The XPath 1.0 specification said that attributes were not included in the
result of the following axis. I see no reason to change that.
Michael Kay
_____
From: Jerome Simeon [mailto:simeon@us.ibm.com]
Sent: 10 March 2004 14:11
To: Michael Kay
Cc: 'Jan Hidders'; 'Jan Paredaens'; 'Mary Fernandez'; 'Philippe Michiels';
www-ql@w3.org
Subject: RE: XQuey
Shouldn't it also contains some attributes nodes from the same element which
are
considered (by that implementation) to be after that attribute node to be in
document order?
For instance,
let $x := <a b="1" c="2"/> return
$x/@b/following::node()
may return either () or the attribute 'c', depending on how the
implementation deals with
document order?
- Jerome
"Michael Kay" <mhk@mhk.me.uk>
03/10/2004 05:21 AM
To
"'Mary Fernandez'" <mff@research.att.com>, "'Jan Paredaens'"
<Jan.Paredaens@ua.ac.be>
cc
Jerome Simeon/Watson/IBM@IBMUS, <www-ql@w3.org>, "'Jan Hidders'"

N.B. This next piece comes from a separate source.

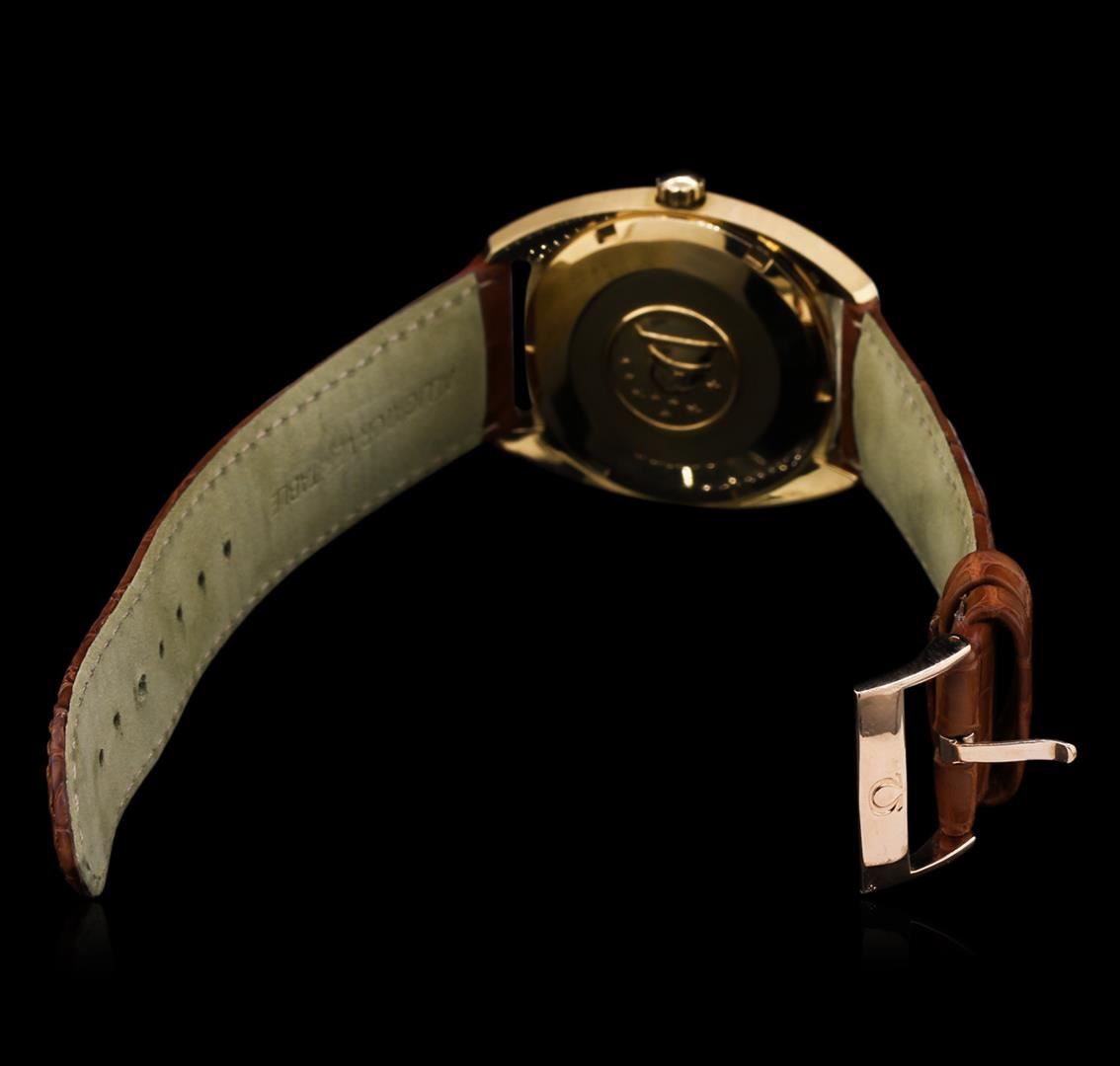 Omega Case: Rose Gold ; Omega Buckle: Plated ; Dial & Hands:18k Rose Gold ; Band: Brown Alligator; Model #:168017; Watch is in fantastic condition; Professionally polished and serviced!

<jan.hidders@ua.ac.be>, "'Philippe Michiels'" <philippe.michiels@ua.ac.be>
Subject
RE: XQuey
# I agree that the prose and formal meanings of the following expression
# conflict, but I believe the formal semantics is the correct one, i.e.,
#
# $x/@attr/following::node() = ()
#
The XPath 1.0 definition is:
"the following axis contains all nodes in the same document as the context
node that are after the context node in document order, excluding any
descendants and excluding attribute nodes and namespace nodes"
(The accepted meaning of "any descendants" is "descendants of the context
node", while the accepted meaning of "attribute nodes and namespace nodes"
is "all attribute and namespace nodes")
This definition means that the following axis, starting at an attribute,
includes the children of the element containing that attribute.